TASK INSTRUCTIONS
Exact copy, pictures excluded: output the lines from the opening of the entries through the line bearing "As mentioned earlier, almost".

:: RECORDS PROVIDED ::

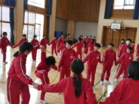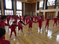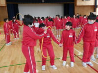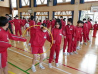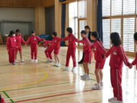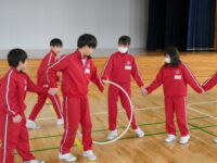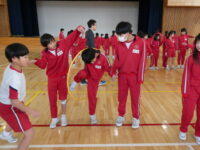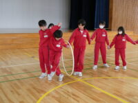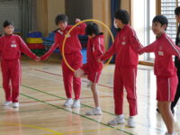 4年生と6年生が4つの混合チームに分かれ、手をつないでフラフープを移動させる『フラフープリレー』を行いました。
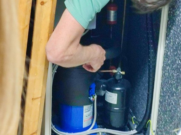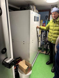 Bei unserer gestrigen Auftaktveranstaltung am 17.04.2024 in Oberammergau, informierten sich die Teilnehmer*innen u.a. über die dort realisierte Tiefengeothermie zur Einspeisung in die Wärmepumpe. Zwei getrennte Heizkreisläufe versorgen einerseits den Altbaubestand mit entsprechend hoher Vorlauftemperatur. Im neu ausgebauten Dachboden mit Fußbodenheizung wird eine niedrigere Vorlauftemperatur eingespeist. Dank der eigenen PV Anlage nach Nordost- und Südwest-Richtung kommt viel erneuerbare Energie zum Einsatz.
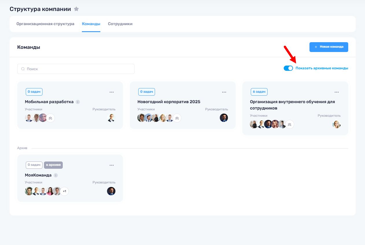 При нажатии на "Показать архивные команды" откроется блок "Архив", где будут отображены команды, находящиеся в архиве
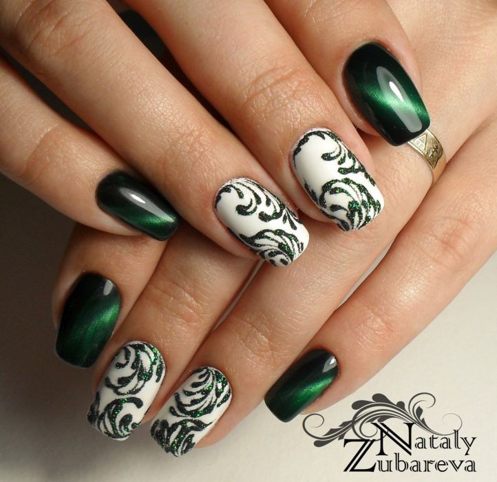 As mentioned earlier, almost any color will look perfect with white. There are incredibly many options for a beautiful combination of white and green. Many girls and women are inclined to believe that green is still more of a seasonal color, summer. But here are examples of a beautiful winter, New Year's manicure.
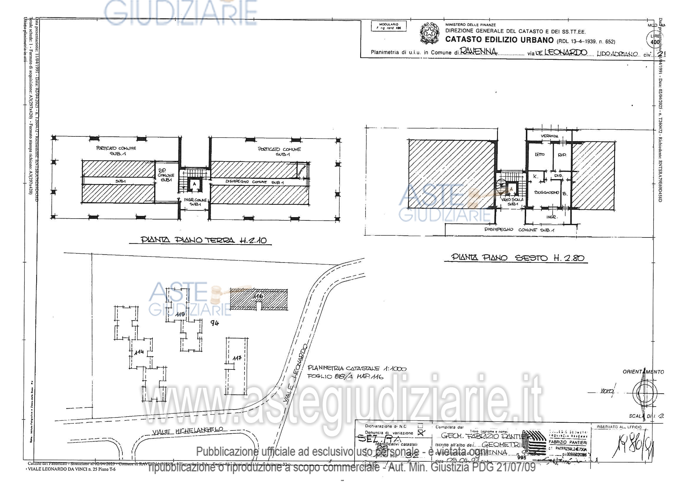 Vendita all'asta Senza incanto, con gara telematica asincrona - LOTTO 1: Unità abitativa al sesto piano con ascensore con due cantine al piano terra oltre alla servitù prediale di godimento esclusivo , perpetuo e gratuito di 2 posti auto . Prezzo base € 315.000,00 (offerta minima € 236.250,00). Data inizio operazioni di vendita: 17/02/2026 ore 09:30. Giudice Paolo Gilotta. Professionista delegato alla vendita Avv. Liliana D'agostino. Custode Giudiziario Avv. Liliana D'agostino - Email "ape.esecuzioni@libero.it". Rif. Tribunale di Ravenna - Espropriazione immobiliare (cartabia) n. 17/2025
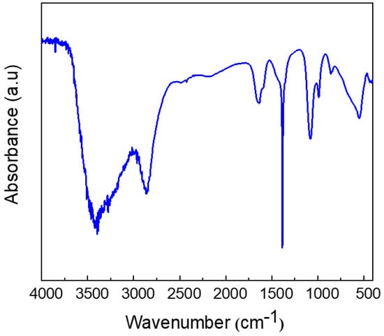 The formation of Ag3PO4 was further supported by the FTIR spectroscopy, using the routine KBr technique in the 400–4500 cm−1 region. The peaks centered at 545 and 1082 cm−1 (Figure 4) were assigned to molecular vibrations of P-O of the phosphate (PO43−) unit [18], and the bands at 3401 and 1641 cm−1 were attributed to the stretching vibration of O-H groups of adsorbed water. The H2O molecules and OH groups adsorbed on the surface of Ag3PO4 are oxidized into free hydroxyl radicals that achieve the photodegradation of organic pollutants [37]. The intense peak at 1383 cm−1 corresponded to the nitrate impurity, AgNO3 having been used for the preparation of Ag3PO4 [38].
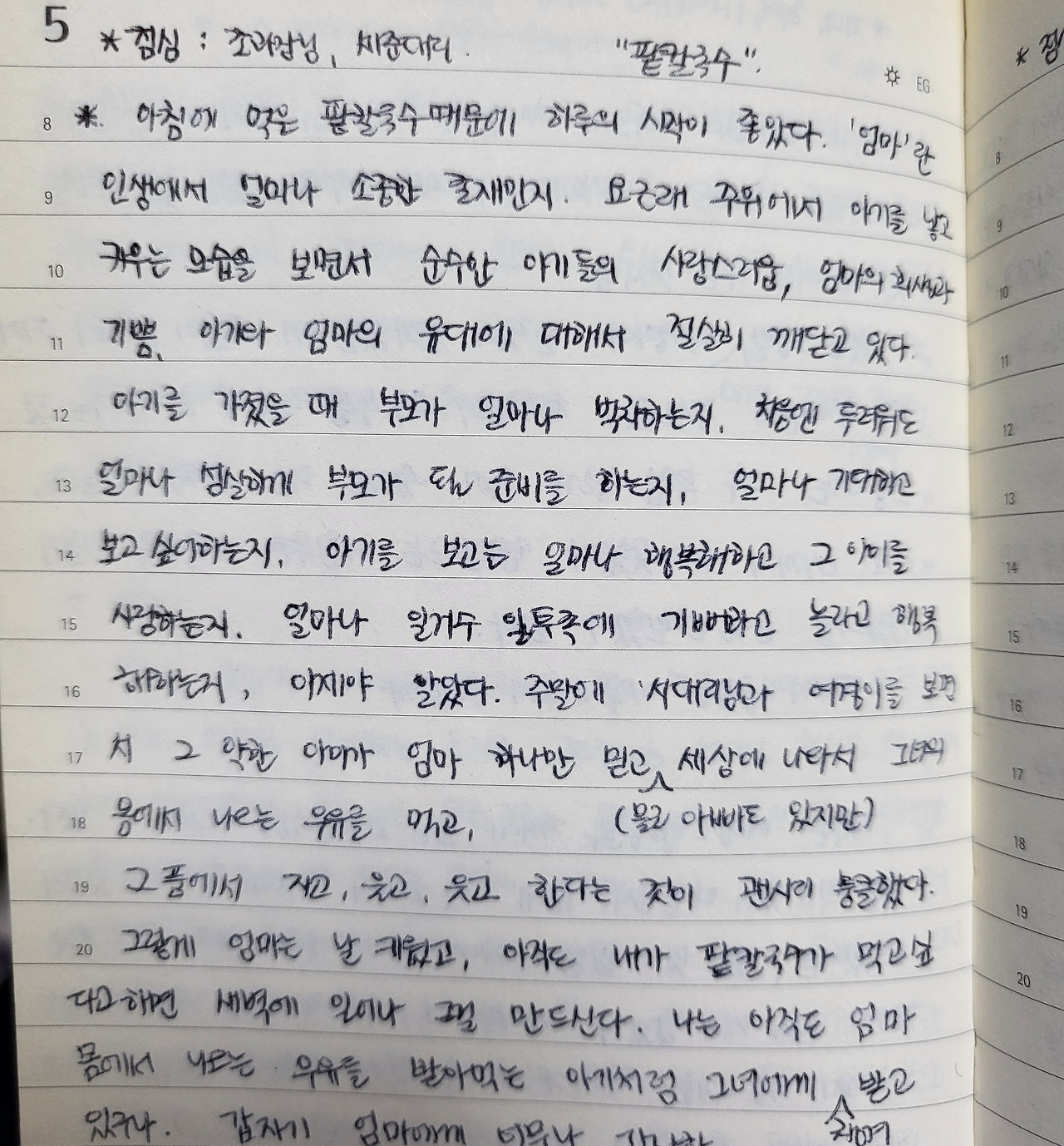 2013년11월5일 일기의 시작이 ‘아침에 먹은 팥칼국수 때문에 하루의 시작이 좋았다’인걸 보니, 그날도 엄마가 아침부터 분주히 움직여 팥칼국수를 만들어 주셨던 모양이다. 엄마는 늘 칼국수를 사지 않고 반죽을 밀어서 만드셨다. 팥물은 언제나 아주 걸쭉하게 직접 만드셨고, 끓이는 중간중간 계속 저어주기까지 해야 하니 분명 손이 많이 가고 만들기 번거로우실 텐데도, 엄마는 늘 그 방법으로 팥칼국수를 만드셨다. 그래서인지 나에게도 팥죽은 달지 않은 걸쭉한 국물에 투박한 국수가 있는 그 팥칼국수이다(엄마의 고향은 전라도이고, 호남에서는 팥칼국수가 정통 ‘팥죽’이었다고 한다. 새알심이 들어가는 팥죽은 ‘동지팥죽’이라고 부른다).
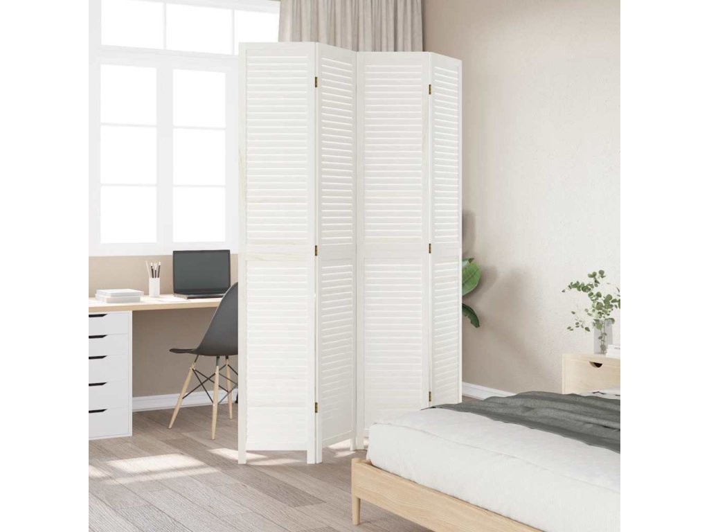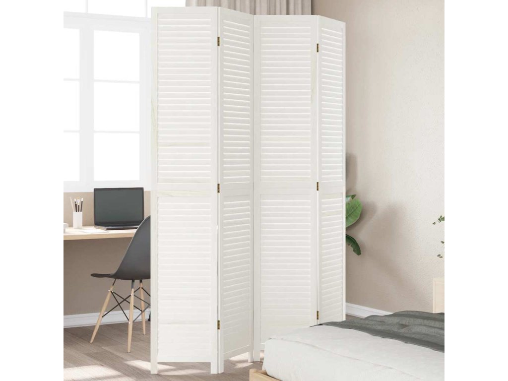 Paraván 4dílný bílý masivní dřevo pavlovnie [358836]
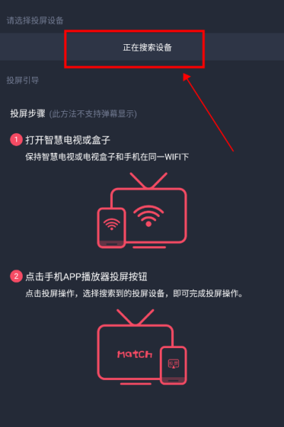 4、在播放页面右上角点击投屏按钮,进入设备连接界面,准备进行多屏播放操作。
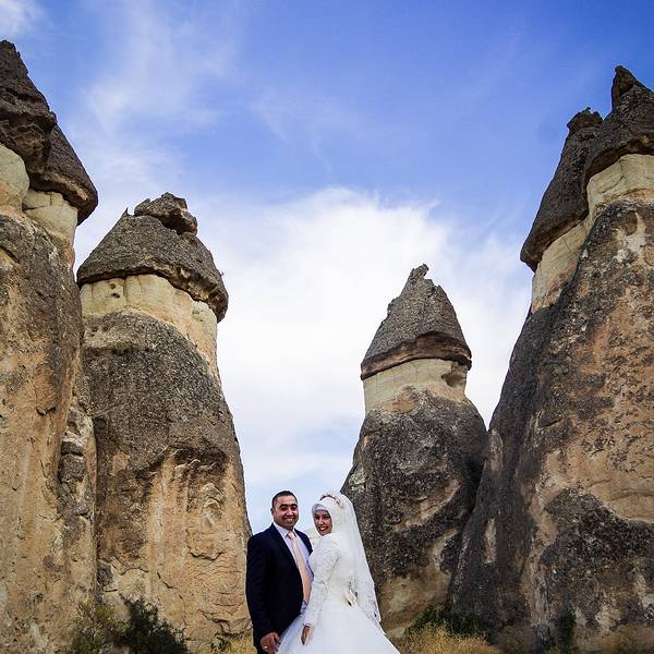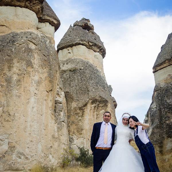 就是这样的怪石嶙峋偶遇的土耳其新人拍摄结婚照的场景
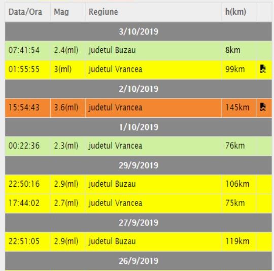 De la debutul lunii octombrie patru cutremure au fost înregistrate în zona seismică Vrancea.Față de cele amintite anterior au mai fost înregistrate:

:::

EXERCISE RESPONSE
 4年生と6年生が4つの混合チームに分かれ、手をつないでフラフープを移動させる『フラフープリレー』を行いました。
 Bei unserer gestrigen Auftaktveranstaltung am 17.04.2024 in Oberammergau, informierten sich die Teilnehmer*innen u.a. über die dort realisierte Tiefengeothermie zur Einspeisung in die Wärmepumpe. Zwei getrennte Heizkreisläufe versorgen einerseits den Altbaubestand mit entsprechend hoher Vorlauftemperatur. Im neu ausgebauten Dachboden mit Fußbodenheizung wird eine niedrigere Vorlauftemperatur eingespeist. Dank der eigenen PV Anlage nach Nordost- und Südwest-Richtung kommt viel erneuerbare Energie zum Einsatz.
 При нажатии на "Показать архивные команды" откроется блок "Архив", где будут отображены команды, находящиеся в архиве
 As mentioned earlier, almost any color will look perfect with white. There are incredibly many options for a beautiful combination of white and green. Many girls and women are inclined to believe that green is still more of a seasonal color, summer. But here are examples of a beautiful winter, New Year's manicure.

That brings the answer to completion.